■ Instructions to follow
Take nothing but the lines from the one with "Printed on premium-quality" through the one with "Джемпер из 100%" in the entries below, both ends kept, and return them exactly with pictures left out.

─── Dataset content ───

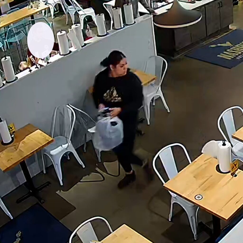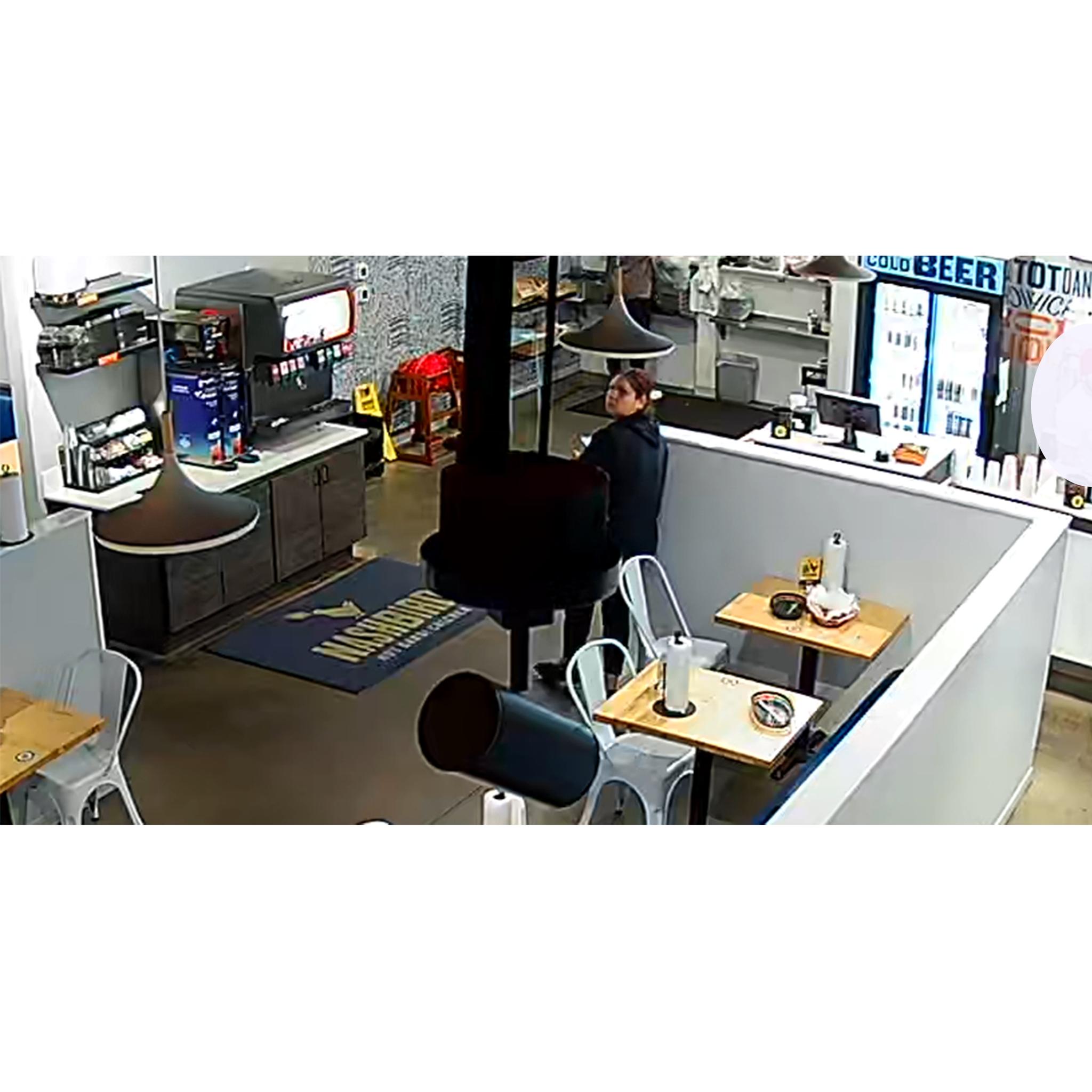 Description of the Incident: The suspect was caught on surveillance cameras taking advantage of a customer’s misplaced wallet and stealing cash before leaving with her food order.
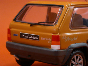 Salone di Torino パンダがいかに多目的車として役立つか、 そのコンセプトを示す為に作られたのが"オフローダー"である。 FWDから4WD化しており、イタルデザインで開発したこの方法は、 比較的簡単でしかも低コストに4WDシステムを取り入れることができた。 量産パンダ45のボディをそのまま利用した"オフローダー"のエクステリアの変更は、 フロントグリルのスリットが大きくなったのみ。
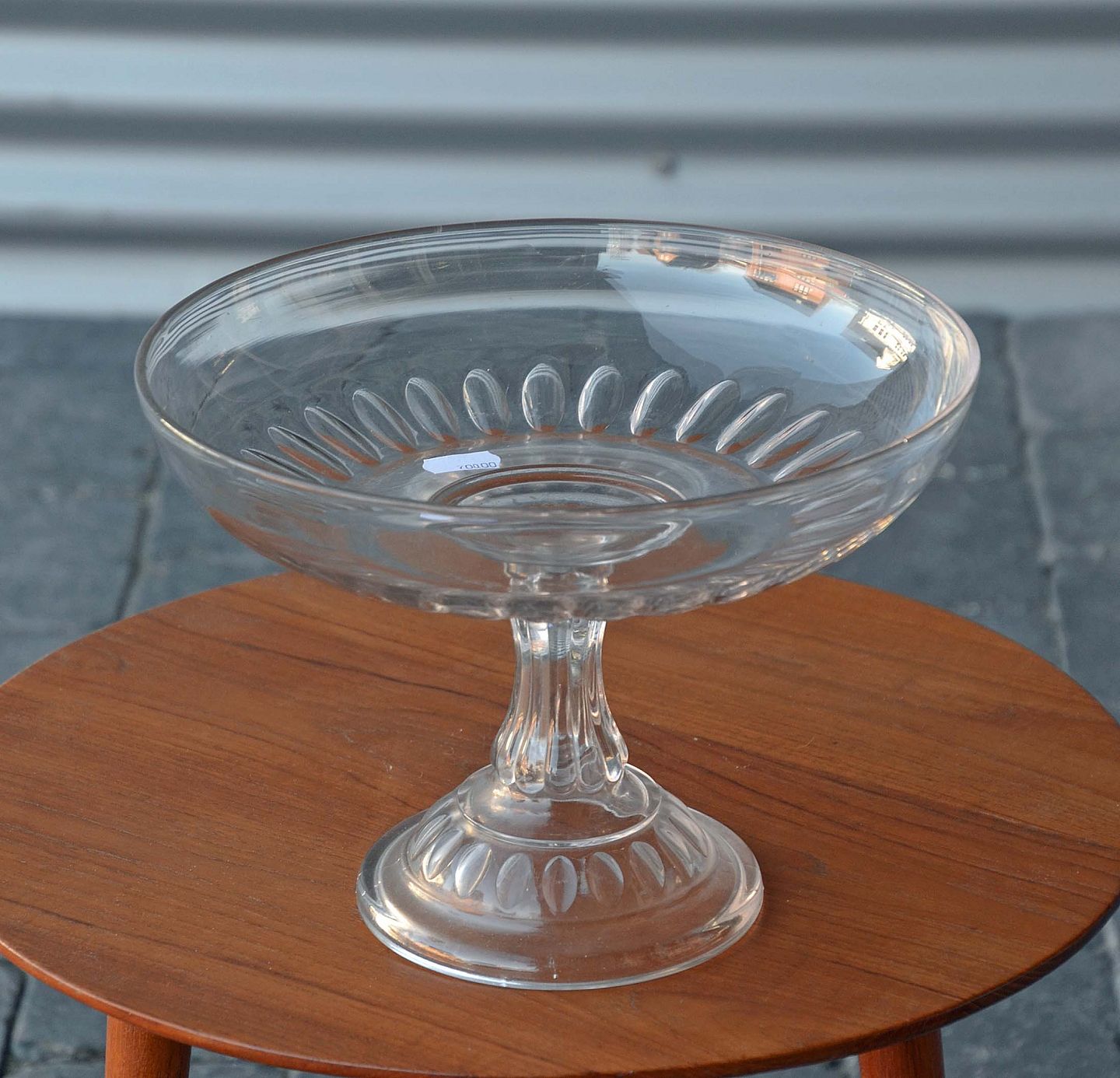 Glasopsats eller kagefad på fod. Den er i meget pæn stand uden skår. H: 19,5 cm. Ø: 26,5 cm.
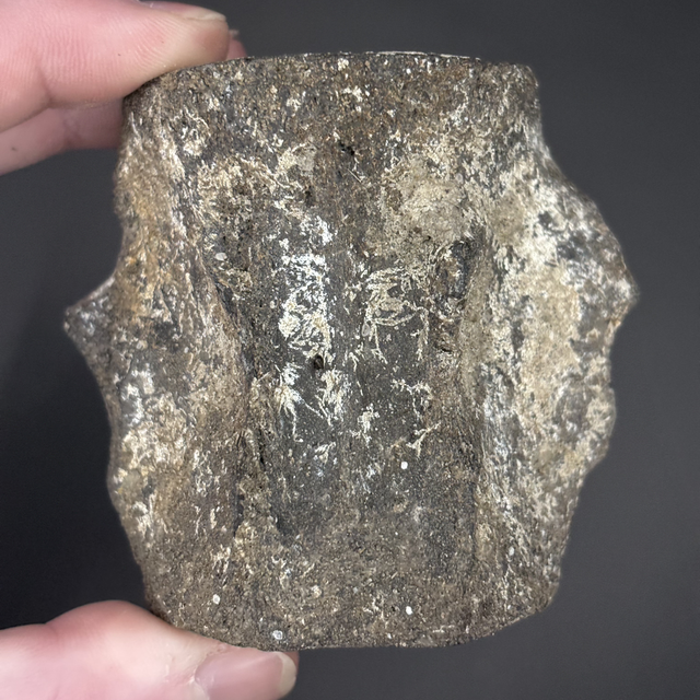 A vertebra from a prehistoric Whale that lived alongside Megalodon. This fossil was found in South Dakota, USA and is between 20-10 million years old (Miocene). The fossil measures 6.3cm in length 6.7cm in width and 4.5cm in height. Has had no repairs or restoration.
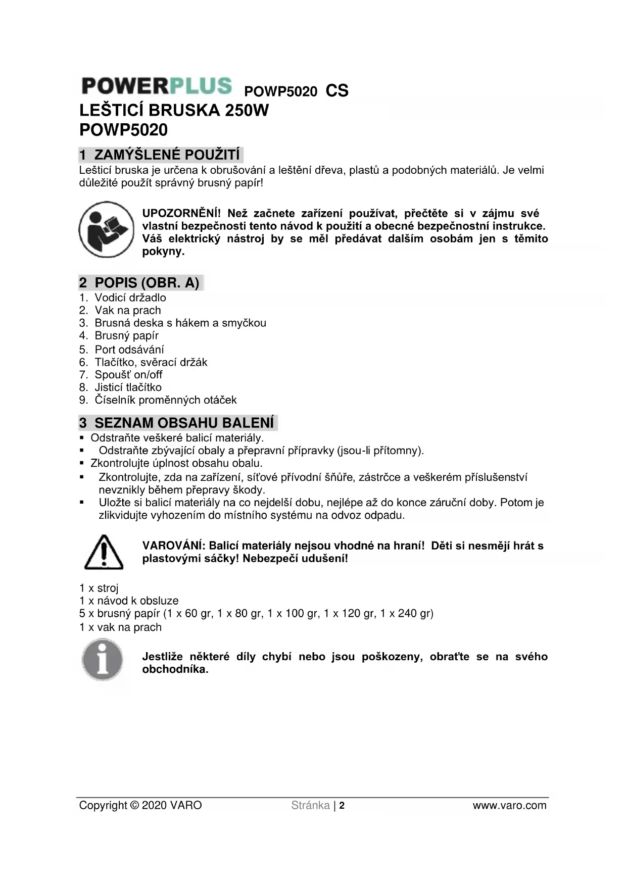 - Uložte si balicí materiály na co nejdelší dobu, nejlépe až do konce záruční doby. Potom je zlikvidujte vyhozením do místního systému na odvoz odpadu. VAROVÁNÍ: Balicí materiály nejsou vhodné na hraní! Děti si nesmějí hrát s plastovými sáčky! Nebezpečí udušení! 1 x stroj 1 x návod k obsluze 5 x brusný papír (1 x 60 gr, 1 x 80 gr, 1 x 100 gr, 1 x 120 gr, 1 x 240 gr) 1 x vak na prach Jestliže některé díly chybí nebo jsou poškozeny, obraťte se na svého obchodníka.POWP5020 CS Copyright © 2020 VARO Stránka | 3 www.varo.com 4 SYMBOLY V tomto návodu a na stroji jsou používány následující symboly:
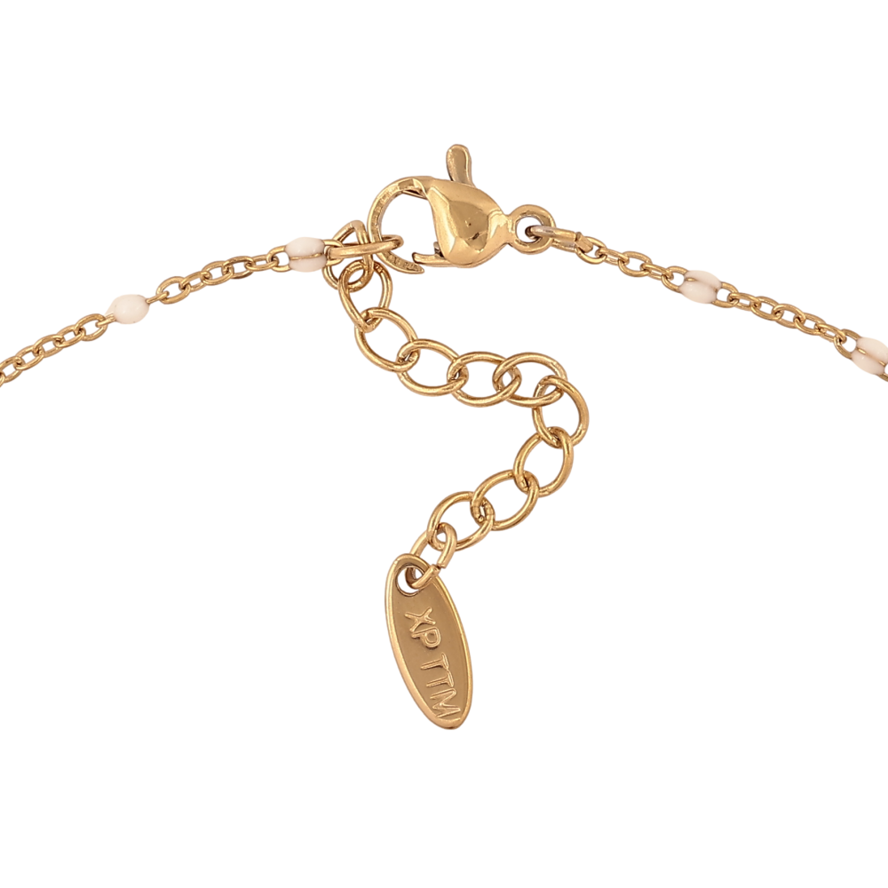 Браслет Xuping ТТМ Stainless Steel колір 14К на ногу "Ланцюжок з білою емаллю та підвісками" довжина з дод. ланцюжком 27.5-30.5см х 1.5мм
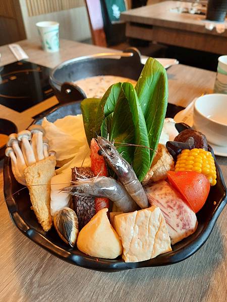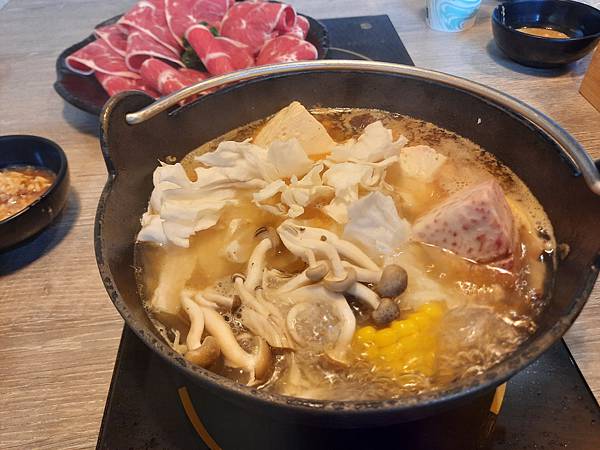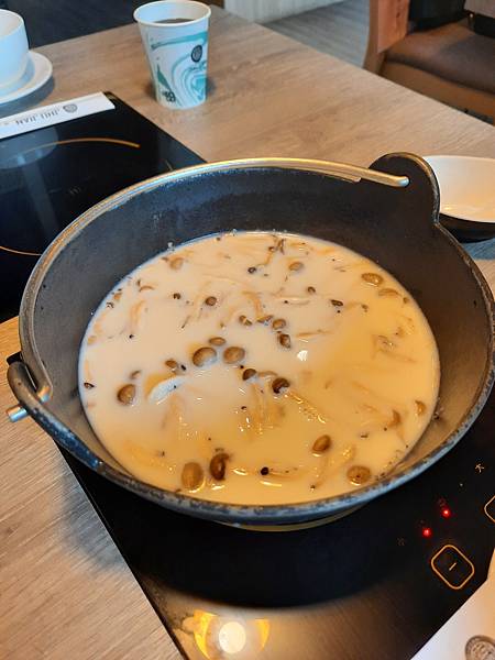濃郁的奶香湯底加上鴻喜菇,適合搭配豬肉主餐。 所以這一定是搭配梅花豬啦~~
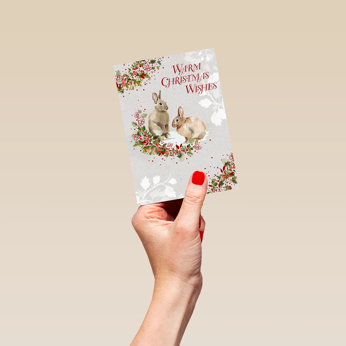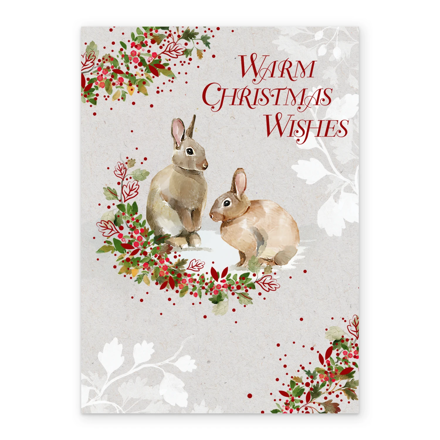 Printed on premium-quality board, this card features a seasonal wreath with a couple of rabbits illustration, and the message ‘Warm Christmas Wishes’.
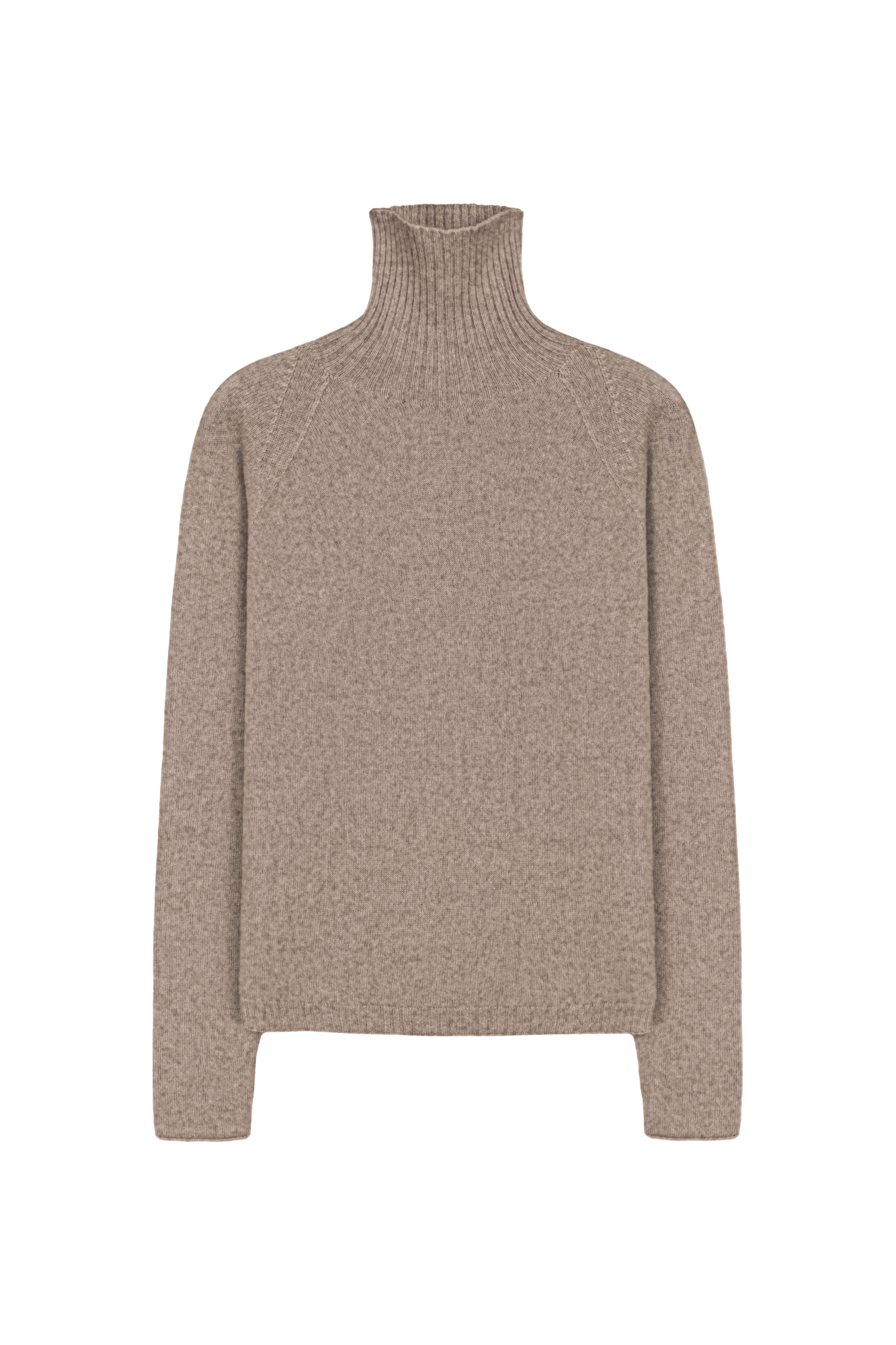 Джемпер из 100% кашемира. Модель с высоким воротником и рукавом реглан. Низ изделия и воротник выполены в рубчик.
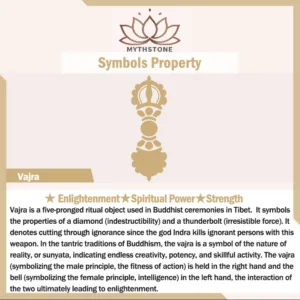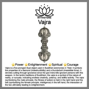 Vajra is a five-pronged ritual object used in Buddhist ceremonies in Tibet. It symbols the properties of a diamond (indestructibility) and a thunderbolt (irresistible force). As a symbol for the properties of a diamond. vajra signifies indestructibility as diamonds are the hardest of stones. As a symbol for the thunderbolt. vajra represents the irresistible force. It denotes cutting through ignorance since the god Indra kills ignorant persons with this weapon.

───

■ Output
 Printed on premium-quality board, this card features a seasonal wreath with a couple of rabbits illustration, and the message ‘Warm Christmas Wishes’.
 Джемпер из 100% кашемира. Модель с высоким воротником и рукавом реглан. Низ изделия и воротник выполены в рубчик.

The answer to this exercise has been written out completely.